Dataset content
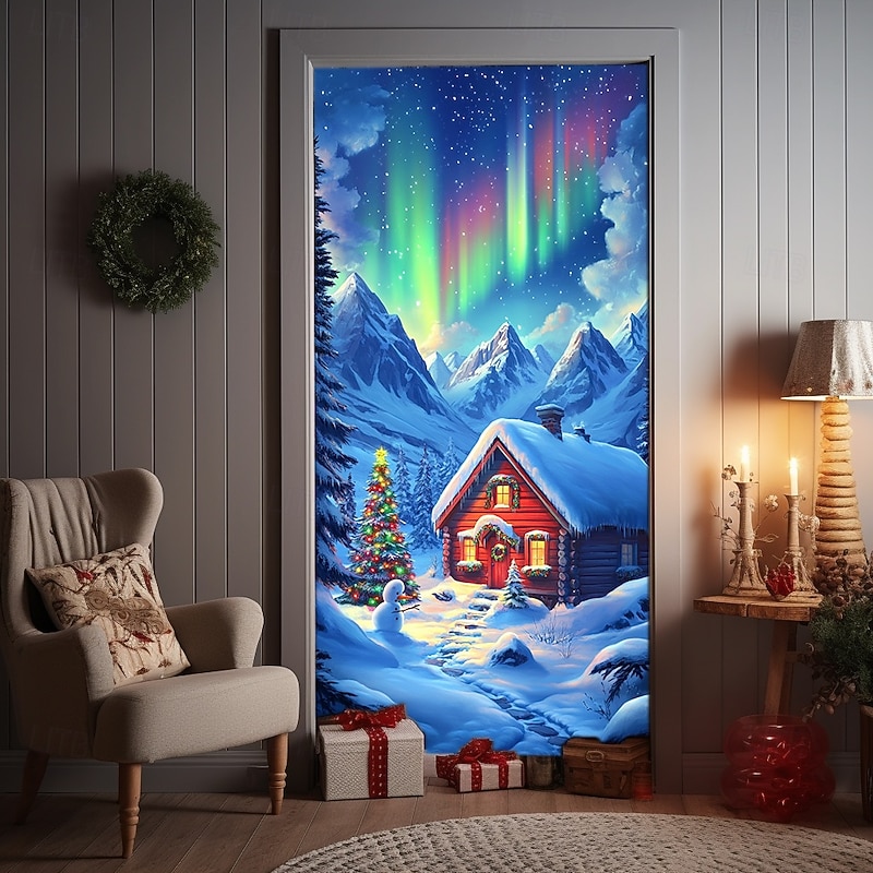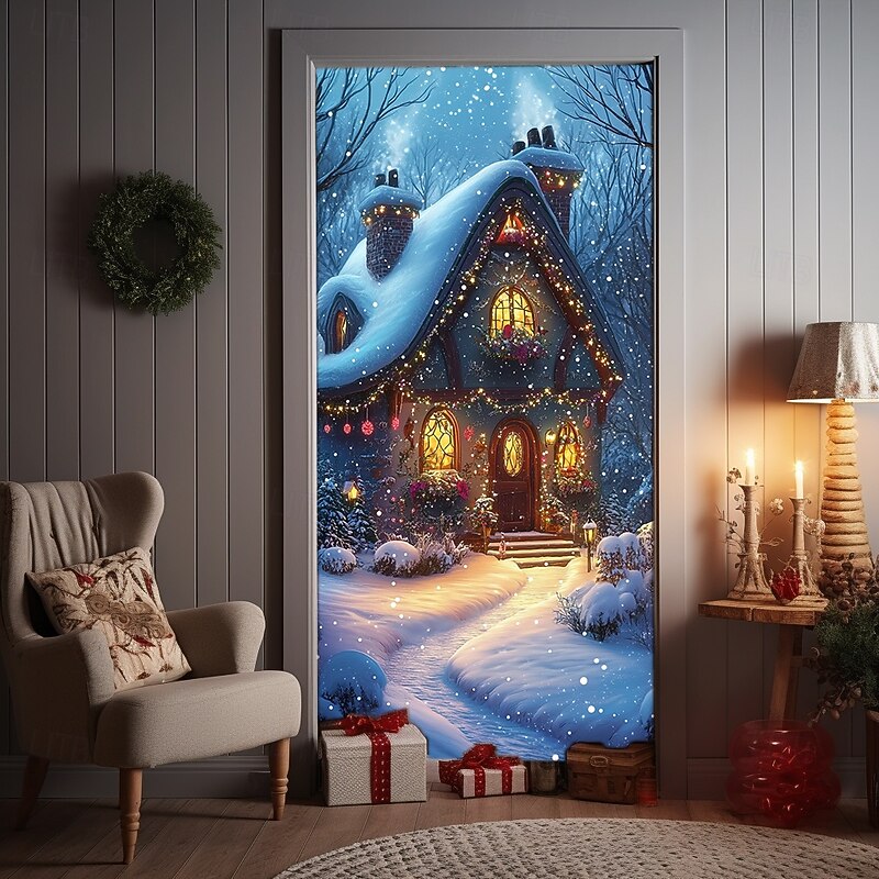 HOT ! Christmas Door Decorations Door Covers Xmas Santa Claus Village Door Tapestry Door Curtain Decoration Backdrop Indoor/Outdoor Door Banner for Front Door Farmhouse Holiday Party Decor Supplies
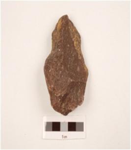 | Description / विवरण | A small handaxe made on a flake, large flake scars on both surface, block on block method. |
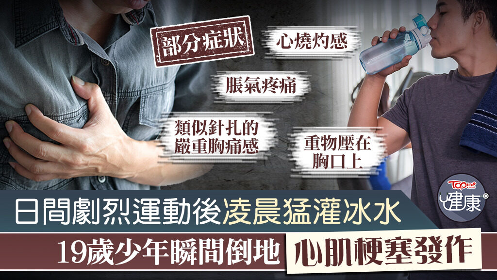 綜合台灣媒體報道,一名19歲林姓男大學生,日間進行一連串密集劇烈的賽事,直至凌晨4、5點感到又熱又渴,於是猛灌兩大杯冰水。喝下瞬間,他即時感到胸口卡住又緊縮,隨後開始冒冷汗、全身無力倒地,送院急救後發現是急性心肌梗塞。

Exercise instructions
Copy the listing above exactly, minus the pictures.

Answer to this exercise
 HOT ! Christmas Door Decorations Door Covers Xmas Santa Claus Village Door Tapestry Door Curtain Decoration Backdrop Indoor/Outdoor Door Banner for Front Door Farmhouse Holiday Party Decor Supplies
 | Description / विवरण | A small handaxe made on a flake, large flake scars on both surface, block on block method. |
 綜合台灣媒體報道,一名19歲林姓男大學生,日間進行一連串密集劇烈的賽事,直至凌晨4、5點感到又熱又渴,於是猛灌兩大杯冰水。喝下瞬間,他即時感到胸口卡住又緊縮,隨後開始冒冷汗、全身無力倒地,送院急救後發現是急性心肌梗塞。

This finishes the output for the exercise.